▶ **EXERCISE**: Copy the data that follows exactly. Include no pictures.

▶ **RECORDS FOR THE TASK**:

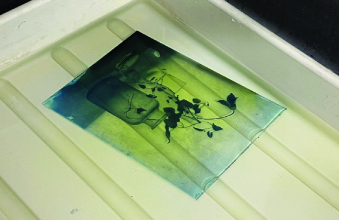 1일차에서 이어짐: 사이징한 유리 / Cyano / vandyke 용액 (질산은 + 구연산철 암모늄 + 주석산) / 수채화지 / 마스킹테이프 / 픽서(fixer) / 밧드 8개 |
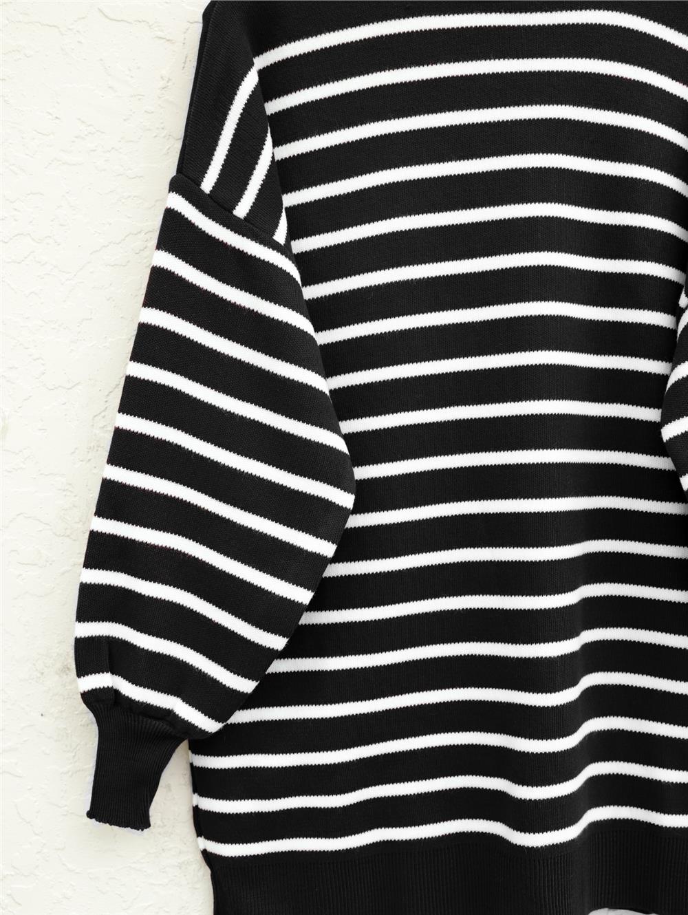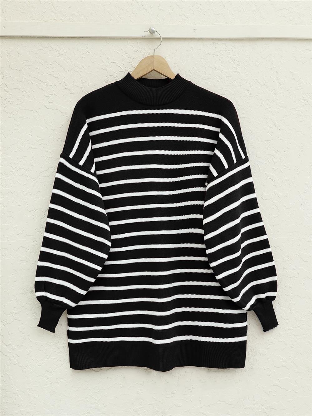 Dik Yaka Balon Kol Triko Tunik -Siyah (109-9863-R01)
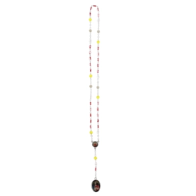 La corona è composta da 5 poste di 7 grani in vetro trasparente con anima rossa o bianca e da un grano giallo di diametro 6 mm. La crociera raffigura lo Spirito Santo. Sulla medaglia finale è raffigurato Gesù Misericordioso.
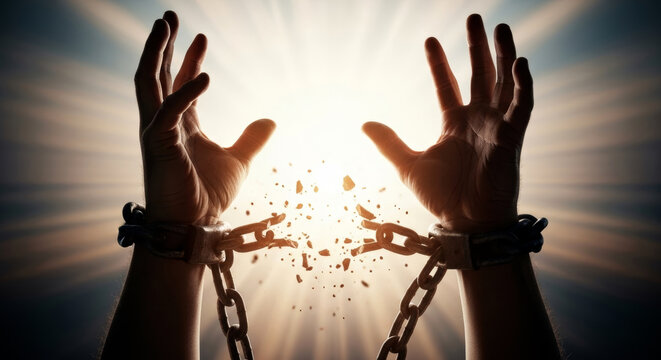 Man breaking free from chains with upward reaching hands. Concept of freedom, liberation, and overcoming adversity. Day for the Abolition of Slavery
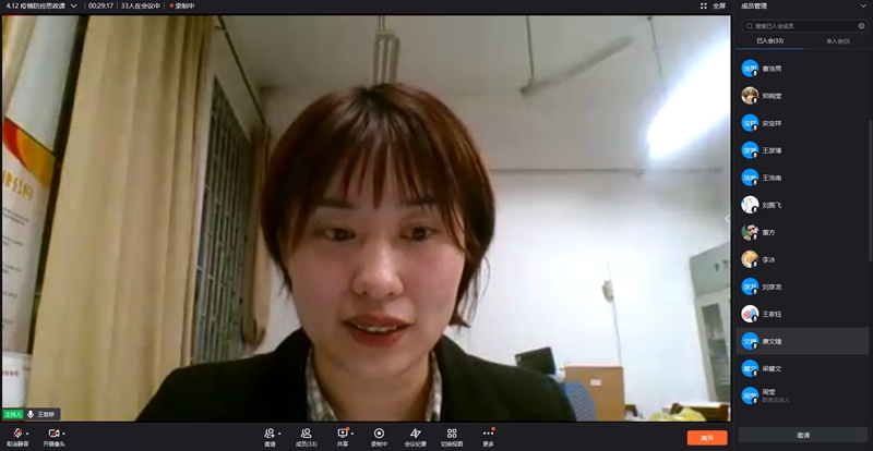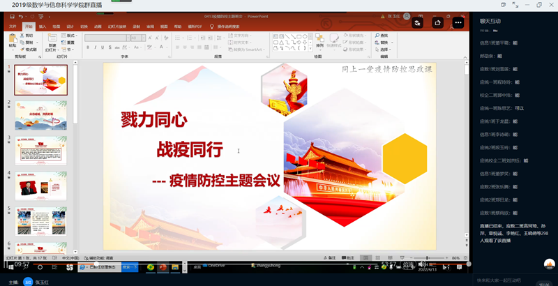 學院黨總支書記周瑩以《在戰“疫”中綻放大寫的青春》為主題,通過釘釘線上平臺為所聯系班級2020級數學與應用數學專業學生上了一堂生動的疫情防控思政課。周瑩帶領同學們回顧了學校抗擊疫情的全過程,向同學們傳達了當前學校疫情防控政策及措施要求,將發生在身邊的真實抗疫故事和感人事跡轉化為鮮活的教育素材,引導同學們學習弘揚偉大抗疫精神,展現青年大學生責任擔當,做“胸有大志,心有大我,肩有大任”的人,以高度的責任心和強烈的使命感,為校園疫情防控工作貢獻自己的一份力量。
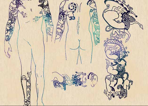 The chieftain was preserved as an "ice-cube" because water leaked into the kurgan and froze immediately and permanently. His arms, shoulders and parts of his torso and one leg were covered with unique bold blackline tribal animal motifs. They have stylistic echoes of Persian, Assyrian, Indian art and particularly strong parallels in the Zhou (Chou) Dynasty and Warring States periods of Chinese art.
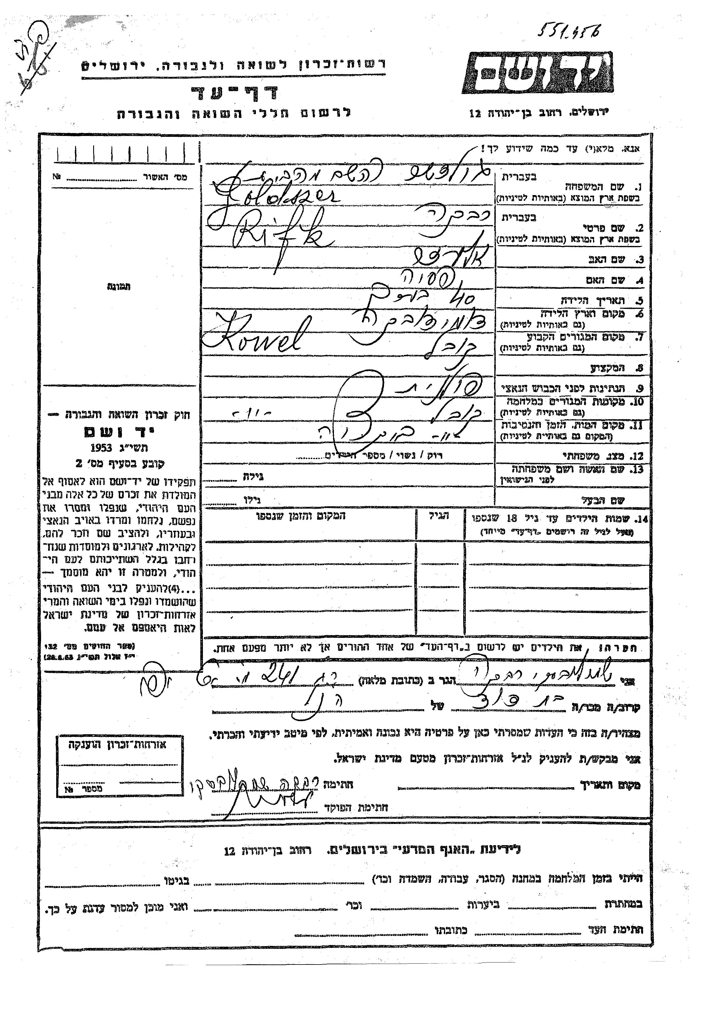 Яд Вашем - Листы свидетельских показаний Мемориального фонда

▶ **RESPONSE TO THE TASK**:
 1일차에서 이어짐: 사이징한 유리 / Cyano / vandyke 용액 (질산은 + 구연산철 암모늄 + 주석산) / 수채화지 / 마스킹테이프 / 픽서(fixer) / 밧드 8개 |
 Dik Yaka Balon Kol Triko Tunik -Siyah (109-9863-R01)
 La corona è composta da 5 poste di 7 grani in vetro trasparente con anima rossa o bianca e da un grano giallo di diametro 6 mm. La crociera raffigura lo Spirito Santo. Sulla medaglia finale è raffigurato Gesù Misericordioso.
 Man breaking free from chains with upward reaching hands. Concept of freedom, liberation, and overcoming adversity. Day for the Abolition of Slavery
 學院黨總支書記周瑩以《在戰“疫”中綻放大寫的青春》為主題,通過釘釘線上平臺為所聯系班級2020級數學與應用數學專業學生上了一堂生動的疫情防控思政課。周瑩帶領同學們回顧了學校抗擊疫情的全過程,向同學們傳達了當前學校疫情防控政策及措施要求,將發生在身邊的真實抗疫故事和感人事跡轉化為鮮活的教育素材,引導同學們學習弘揚偉大抗疫精神,展現青年大學生責任擔當,做“胸有大志,心有大我,肩有大任”的人,以高度的責任心和強烈的使命感,為校園疫情防控工作貢獻自己的一份力量。
 The chieftain was preserved as an "ice-cube" because water leaked into the kurgan and froze immediately and permanently. His arms, shoulders and parts of his torso and one leg were covered with unique bold blackline tribal animal motifs. They have stylistic echoes of Persian, Assyrian, Indian art and particularly strong parallels in the Zhou (Chou) Dynasty and Warring States periods of Chinese art.
 Яд Вашем - Листы свидетельских показаний Мемориального фонда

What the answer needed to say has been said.